2. Governance is becoming a major requirement at large companies. It requires a complete visibility as well as technology understanding today to be able to ensure effective governance. This is another role that CIOs are naturally suited to take up.
3. However, the most important CIO role is in helping to decide on and roll out technology for the organization’s strategic goals and priorities. Today, technology impacts all the three planes—product, process and strategy. The individual business units mostly decide on the product-process related technologies. The organizational strategy—such as leveraging data or switching to platform model or helping create organizational ecosystem (not any subcomponent of it) are still the work of CEO’s office. These changes need to leverage the emerging technology today. That is a role only an enterprise-level technology manager can play. No marks for guessing who that is. 
 
NexGen Managers: Are You Ready?
It is clear that the next-generation IT leaders who are likely to take over as CIO in the next 2-5 years need to be well prepared to take up this new expectation from the CIOs. 

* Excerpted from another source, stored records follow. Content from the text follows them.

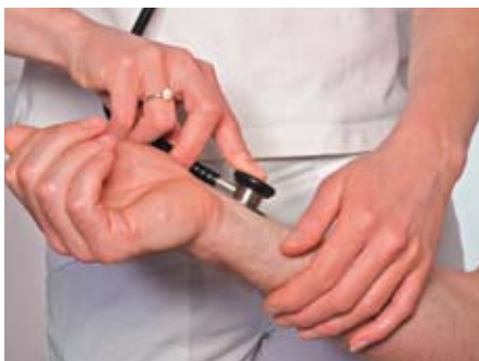
Klinische Forschung ist der sicherste Weg

Diese lange Auflistung stellt nur einen sehr kurzen Ausschnitt der Fortschritte dar, die
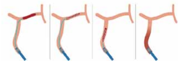
ステントにて血栓を捕捉しカテーテルの中に引き込み再開通させます

早い段階での再開通は脳梗塞の範囲を最小限にとどめることができ予後改善にもつながります。
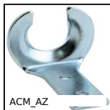
ACM_AZ Crochet pour attache- capot manuelle, Crochet
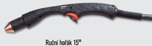
Ruční hořák 15°
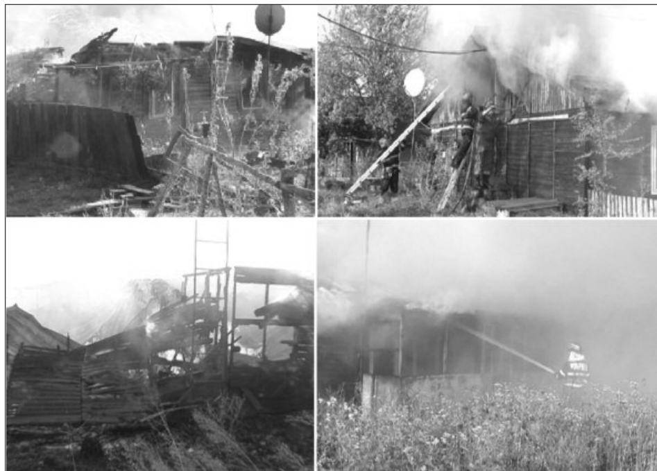
Patru familii din Făgăraș au rămas sub cerul liber după ce casele în care locuiau au fost mistuite de flăcări

Patru autospeciale ale pompierilor au ajuns imediat la fața locului pentru a stinge flăcările mari de de 4-5 metri. „Am intervenit imediat pentru stingerea incendiului. Am întâmpinat probleme pentru că nu am avut de unde să alimentăm autospecialele cu apă.
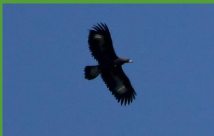
Artémis, l'aiglon né en 2020

Les aigles royaux ont été exterminés à la fin du 18ème siècle. Depuis 2 ans, un couple d'aigles royaux s'est établi sur les hauteurs du Val-de-Travers. En 2020, ils ont donné naissance à un aiglon : Artémis. Surpris par cette nouvelle qui devrait réjouir les amoureux de la nature, les promoteurs se veulent rassurants mais ne rassurent personne : « les aigles ne vont pas voler près des éoliennes et resteront à distance ». Voir l'article RJB .
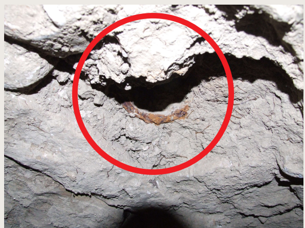
Macchia Valfortore – Mulino DI IORIO – Foro passante dell'albero rotore praticato nella volta del vano retrecina.

Il vano della retrecina è quindi il luogo fisico dove era piazzato il motore del mulino composto da un blocco rotore solidale: la ruota orizzontale, l'albero rotore e la macina mobile.
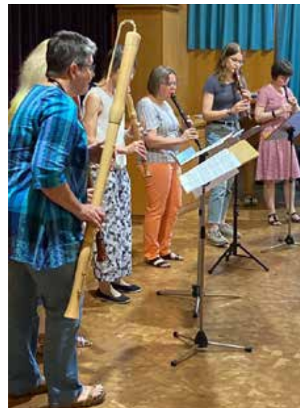
Auftakt mit einer musikalischen Reise des Flötenkreises
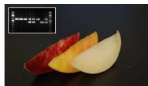
黄遺伝子マーカーによるモモ果肉色の選抜

モモやブドウを中心とした果樹の農業形質を決める遺伝子を解析し、望む特徴を兼ね備えた新品種を効率的に育成する技術の開発を行っています。
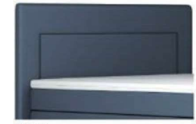
0025 Höhe 122 cm gegen Aufpreis
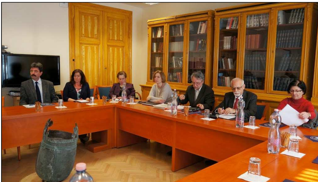
7. ábra A KIKK alakuló ülése
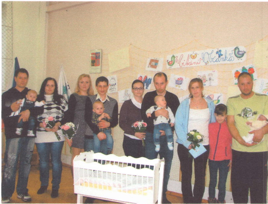
„Vítání krčmaňských občánků 12. prosince 2015“.
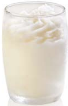
sorbete de limón. Ref. 01702
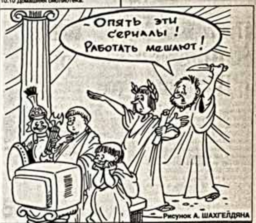
Рисунок А. ШАХТЕДЯНА
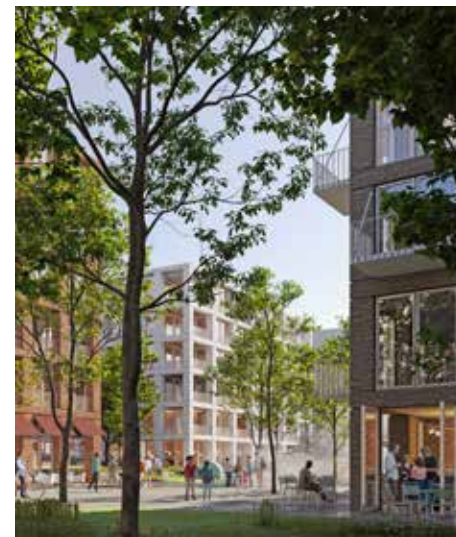
Vizualizace nové čtvrti Březnická
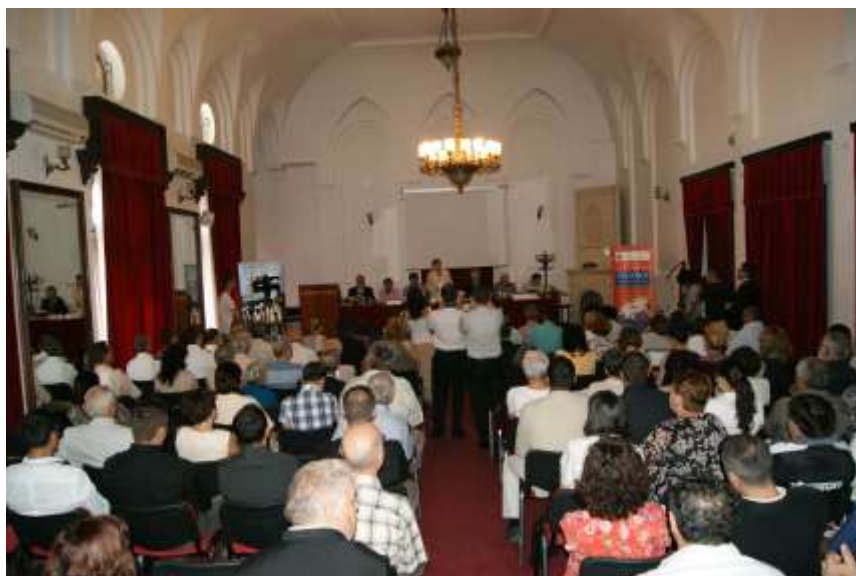
Vedere din sala Primăriei Municipiului Câmpulung cu participanții la simpozion
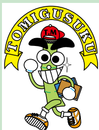
マスコットキャラ トムくん

While today’s IT managers are well-aware of the need to upgrade their skills, the big change required here is in attitude, not skills. 
 
Here are a few specific changes required:
a. They must start thinking themselves as strategic value creators than drawing their power from big budget and control.
b. Since collaboration is becoming a must in any major transformational exercise, just understanding business needs is not enough. Successful IT managers of tomorrow must be great in relationships and leveraging those relationships.
c. They should try to look at things from an external perspective—an outside-in view. Only that will help them find disruptive changes that can add significant value to business. Internal-focused business need understanding, however strong it is, can only create solutions for already created problem. It cannot pre-empt a challenge. 
d. Governance is one area that every IT leaders should thoroughly understand.
e. Finally, every IT leader should figure out how to integrate. The integration skills will be their survival skills tomorrow. 
In short, the tech to business transformation of CIO is necessary, not sufficient. A good CIO must be able to work with everyone and integrate to create value that is more than sum of parts of the values brought in by technology to individual units. 
It is becoming a core strategic role. But they have to give up what gives them a false sense of power—large technology purchase decisions.